My daughter had told me several days before that she had decided that maybe she would “just get a teaching certificate and teach high school English.”  The way she said it I knew it was a statement of…defeat.  Or resignation.  She has been fairly undecided about what she wants to do, and I have encouraged her to take her time in making a decision, to simply take her undergraduate classes and to give herself time to think about what she wants to major in, etc. She has said, and I have known, all along, that one of her great loves is writing, and I would never discourage her from pursuing that as vocation or avocation, but I have also seen her passion and interest in biology, anatomy and physiology, and so I was surprised at this sudden decision.

“Well, that’s fine,” I said cautiously, “if that’s what you really want to do. But…why?

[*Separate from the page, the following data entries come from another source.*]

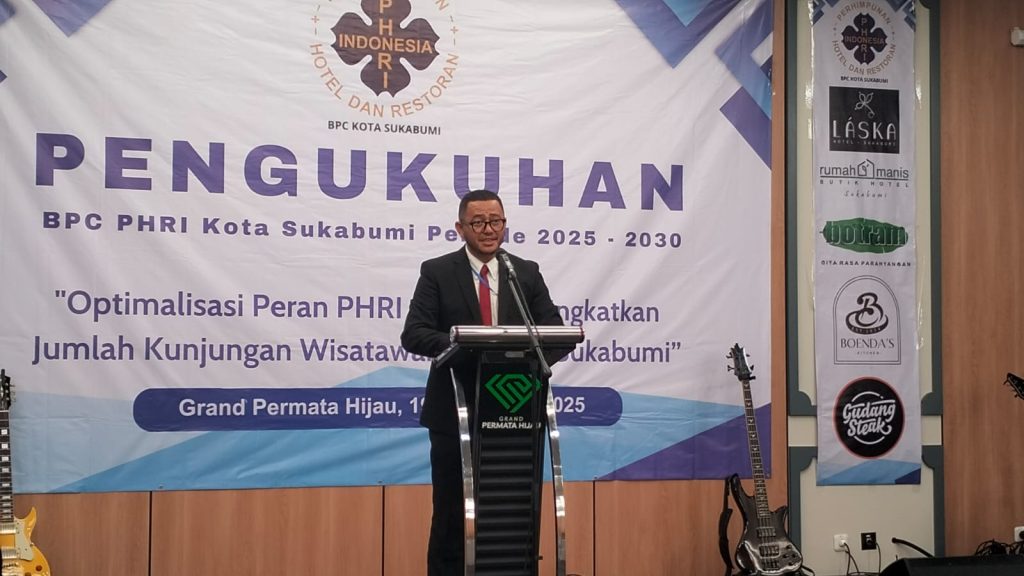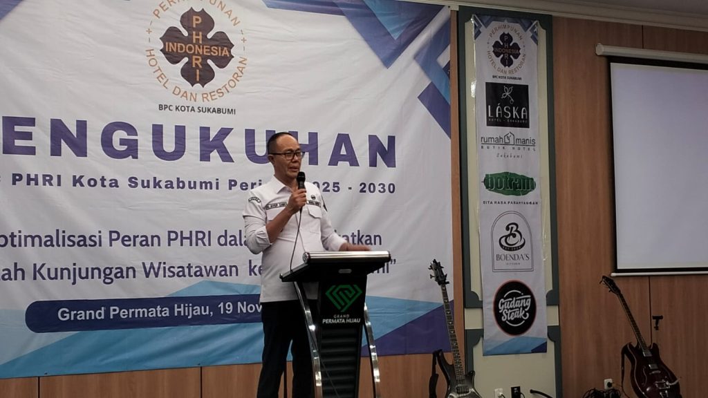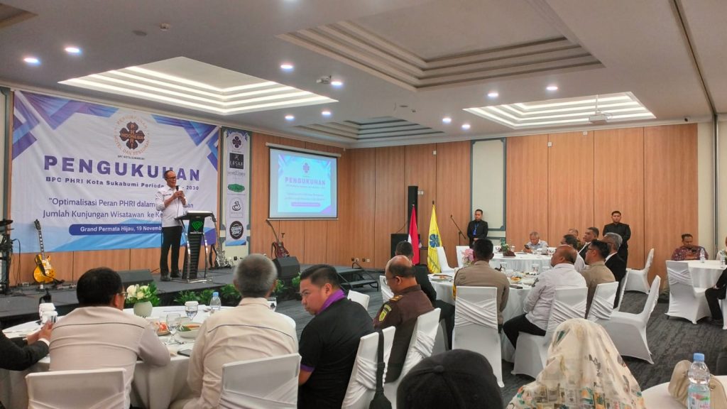 Pelantikan dengan tema “Optimalisasi Peran PHRI dalam Meningkatkan Jumlah Kunjungan Wisatawan ke Kota Sukabumi” tersebut berlangsung di Hotel Grand Permata Hijau, Rabu (19/11/25).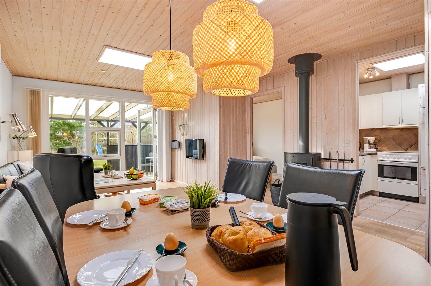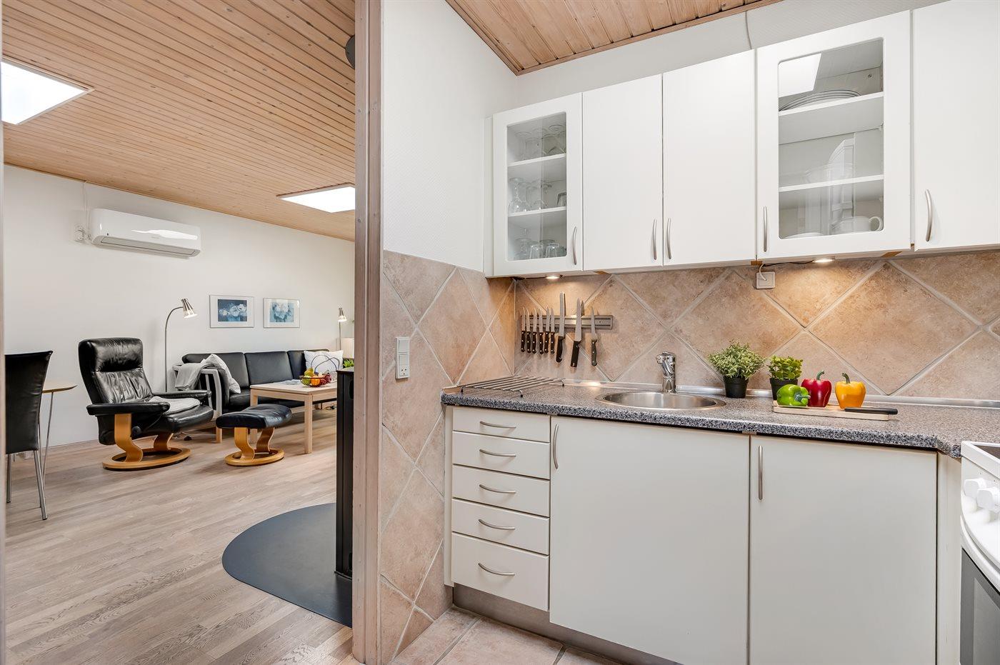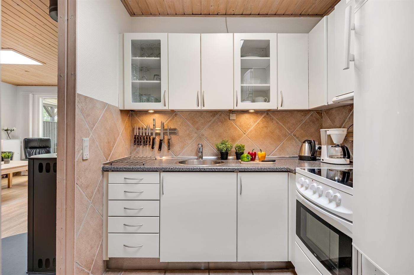 Køkkenet er udstyret med 1 køleskab. Der er 4 keramiske kogeplader, varmluftovn, mikrobølgeovn samt opvaskemaskine.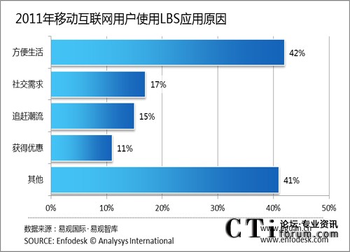 CTI論壇(ctiforum)8月26日消息(記者 張潔):根據(jù)易觀國際(Analysys international)最新調(diào)研顯示,42%的使用LBS用戶認(rèn)為使用應(yīng)用程序可以方便生活,17%的用戶認(rèn)為是社交需求,15%的用戶只是出于追趕潮流的目的,11%的用戶認(rèn)為使用LBS應(yīng)用程序可以獲得一定的優(yōu)惠。

What is it about teaching that attracts you?”  I wanted to know what was at the root of her “decision,” because I didn’t feel that it was one she was making out of joy or passion. Instead she seemed dispirited by it.

What followed was a really good discussion by all of us–Ad, me, W, the Missy and even her boyfriend, as we discussed the merits and drawbacks in choosing teaching–and teaching English–as a career, and as we finally got to the root of the matter. “I hate chemistry!” she wailed. “Do you know how many chem classes I have to take to get a degree in biology??”

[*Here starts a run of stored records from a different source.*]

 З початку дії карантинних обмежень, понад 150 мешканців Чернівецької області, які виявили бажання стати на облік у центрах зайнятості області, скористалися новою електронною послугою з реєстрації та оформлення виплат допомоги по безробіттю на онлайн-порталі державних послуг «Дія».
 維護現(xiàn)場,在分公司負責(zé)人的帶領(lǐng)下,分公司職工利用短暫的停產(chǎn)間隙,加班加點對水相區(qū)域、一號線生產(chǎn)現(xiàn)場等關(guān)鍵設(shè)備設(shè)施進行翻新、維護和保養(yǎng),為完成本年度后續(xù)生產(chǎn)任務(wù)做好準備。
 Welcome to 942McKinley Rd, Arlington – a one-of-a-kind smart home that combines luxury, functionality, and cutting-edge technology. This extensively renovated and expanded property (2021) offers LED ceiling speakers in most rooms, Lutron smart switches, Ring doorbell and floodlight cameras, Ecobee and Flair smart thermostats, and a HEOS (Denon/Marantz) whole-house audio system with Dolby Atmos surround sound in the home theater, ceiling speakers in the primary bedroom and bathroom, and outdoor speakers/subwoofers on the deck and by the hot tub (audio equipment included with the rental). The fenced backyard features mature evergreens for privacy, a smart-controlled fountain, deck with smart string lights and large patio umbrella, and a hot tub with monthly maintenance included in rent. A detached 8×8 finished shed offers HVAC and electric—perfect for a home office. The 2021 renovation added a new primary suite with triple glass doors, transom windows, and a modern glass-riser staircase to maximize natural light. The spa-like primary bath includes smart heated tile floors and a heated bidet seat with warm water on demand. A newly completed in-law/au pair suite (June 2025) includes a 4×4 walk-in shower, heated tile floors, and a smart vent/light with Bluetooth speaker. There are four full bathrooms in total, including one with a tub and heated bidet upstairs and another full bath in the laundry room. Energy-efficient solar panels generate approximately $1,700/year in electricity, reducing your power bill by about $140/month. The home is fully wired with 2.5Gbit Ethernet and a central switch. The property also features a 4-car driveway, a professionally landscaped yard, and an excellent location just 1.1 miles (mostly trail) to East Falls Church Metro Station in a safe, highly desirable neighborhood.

I let that ride for a couple days while I mulled this over.  But then, a few days later, I called her into my bedroom, where I had been doing most of my recuperating.  W was there, computer on his lap, and she climbed up onto the bed next to me.

“Missy,” I said, “talk to me about this chemistry stuff.”  And we talked about her fear of failing, of her father’s wrath with her if she failed, of not being able to “cut it” in chemistry.

Now don’t get me wrong. I know how hard chemistry is. I have never been able to pass it, and don’t ever care to. But I have also not done so many things in my life out of fear.  Fear of failing, fear of rejection, fear of change.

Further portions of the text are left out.